Former Trump campaign adviser Carter Page is accusing the U.S. government of breaking the law in their use of Christopher Steele‘s dossier, but not for the reason one might expect. Page posted a cryptic tweet that appeared to accuse attorneys of breaking the law, supposedly regarding his personal situation involving the FBI using a FISA warrant to monitor him.
31 U.S.C. § 1342: officer of the USG may not accept voluntary services or employ personal services exceeding that authorized by law…
Looks like the government shutdown may teach some legal concepts to professionals in the Bar which they should have practiced years ago!#MAGA!
— Carter Page, Ph.D. (@carterwpage) December 27, 2018
“Looks like the government shutdown may teach some legal concepts to professionals in the Bar which they should have practiced years ago!” Page said in a Thursday tweet, citing 31 U.S.C. § 1342, also known as the Antideficiency Act. That law prohibits federal or D.C. government officers or employees from accepting “voluntary services for either government or employ personal services exceeding that authorized by law except for emergencies involving the safety of human life or the protection of property.”
So what does this have to do with Page, or the government shutdown for that matter?
Apparently, Page was looking at a report by the Congressional Research Service titled, “Shutdown of the Federal Government: Causes, Processes, and Effects.” Updated on December 10, soon before the current shutdown, the report cites the Antideficiency Act in discussing how government agencies can’t function without appropriations because they’re forbidden from making outside arrangements. Page cited this report in an email to Law&Crime, apparently figuring that Justice Department attorneys involved in his case may have noticed it and connected the same dots he did to his own situation.
“Beginning in the months preceding the 2016 election,” Page said, “certain political organizations and their servants were providing voluntary services to the DOJ, FBI and other government agencies in the form of their Dodgy Dossier, which they were then feeding into the U.S. Intelligence Community.”

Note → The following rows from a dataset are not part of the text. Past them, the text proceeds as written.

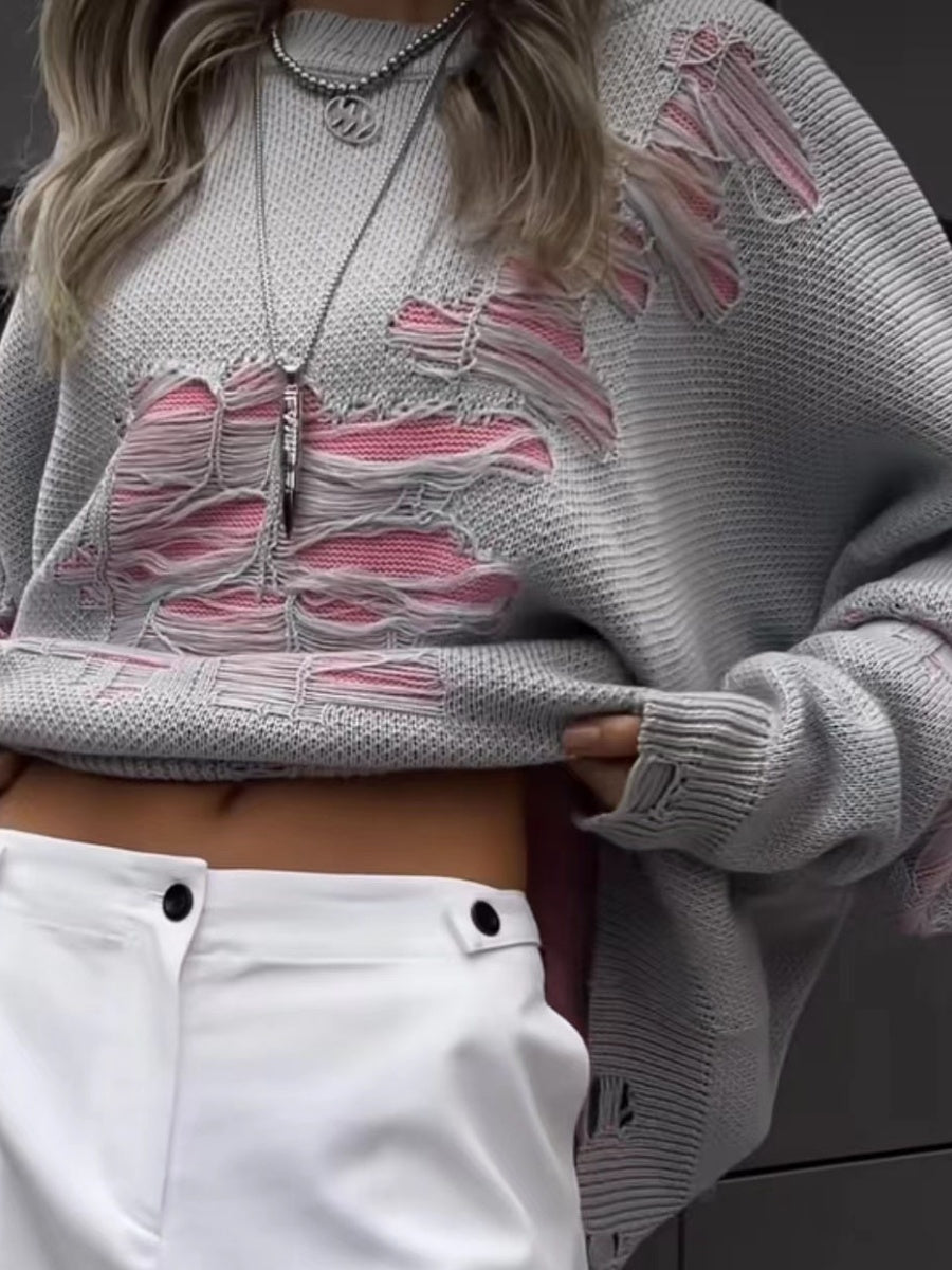 Liber Autumn Damen Kontrastfarbe zerrissener Patchwork Pullover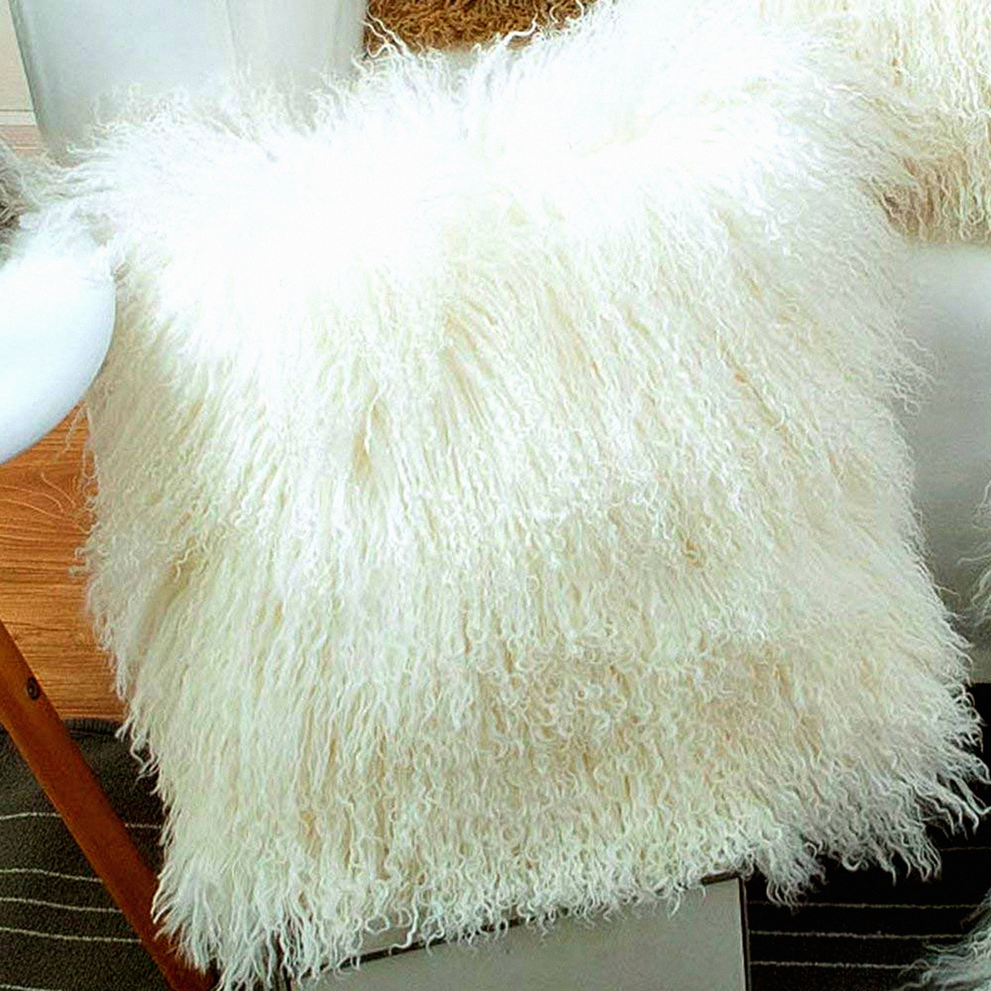 Luxurious White Mongolian Lamb Plush Pillow Cover - Soft Curly Sheep Cushion Case for Home Decor - Square Throw Protector - 16 X 16 Inch Wool Pillow Cover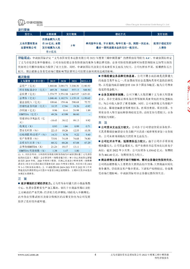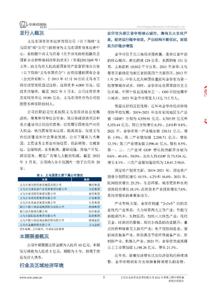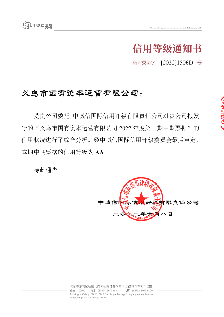 中诚信:义乌市国有资本运营有限公司2022年度第三期中期票据债项信用评级报告及跟踪评级安排.pdf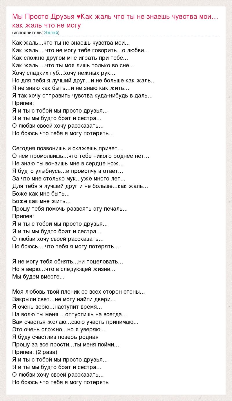 Как жаль...что ты не знаешь чувства мои... Как жаль... что не могу тебе говорить...о любви... Как сложно другом мне играть при тебе... Как жаль ...что ты моя лишь только во сне... Хочу сладких губ...хочу нежных рук... Но для тебя я лучший друг...и не больше как жаль.. Я не знаю как быть...и не знаю как жить... Я так хочу отправить чувства куда-нибудь в даль... Припев: Я и ты с тобой мы просто друзья... Я и ты мы будто брат и сестра... О любви своей хочу рассказать... Но боюсь что тебя я могу потерять... Сегодня позвонишь и скажешь привет... О нем промолвишь...что тебе никого роднее нет... Не знаю ты вонзишь мне в сердце нож... Я будто улыбнусь...и промолчу в ответ... За что мне столько мук...уже много лет... Для тебя я лучший друг и не больше...как жаль... Боже как мне быть... Боже как мне жить... Прошу тебя помочь развеять эту печаль... Припев: Я и ты с тобой мы просто друзья... Я и ты мы будто брат и сестра... О любви хочу своей рассказать... Но боюсь... что тебя я могу потерять... Я не могу тебя обнять...ни поцеловать... Но я верю...что в следующей жизни... Мы будем вместе... Моя любовь твой пленик со всех сторон стены... Закрыли свет...не могу найти двери... Я очень верю...наступит время... На волю ты меня ...отпустишь на всегда... Вам счастья желаю...свою участь принимаю... Это очень сложно...но я уверяю... Я буду счастлив поверь родная Прошу за все прости...ты меня пойми... Припев: (2 раза) Я и ты с тобой мы просто друзья... Я и ты мы будто брат и сестра... О любви хочу своей рассказать... Но боюсь что тебя я могу потерять

Page is referring to the unverified dossier compiled by former British intelligence officer Christopher Steele, which ended up in the FBI’s hands. Page and his supporters have accused the FBI of improperly relying on the unverified document as evidence in support of applications for a warrant from the Foreign Intelligence Surveillance Court to monitor him.
While Steele had been an FBI source at one point, the dossier was not the result of voluntary work done at the government’s behest, nor was the company who hired him contracted by the government. Steele was working for FusionGPS as part of opposition research funded by the Clinton campaign. As far as the FBI getting the dossier, that would be analogous to any tip law enforcement receives from any source.
Republicans have pointed to DOJ official Bruce Ohr being married to a FusionGPS employee as a sign of foul play, but even that criticism has not been in the form of allegations that anyone violated the Antideficiency Act.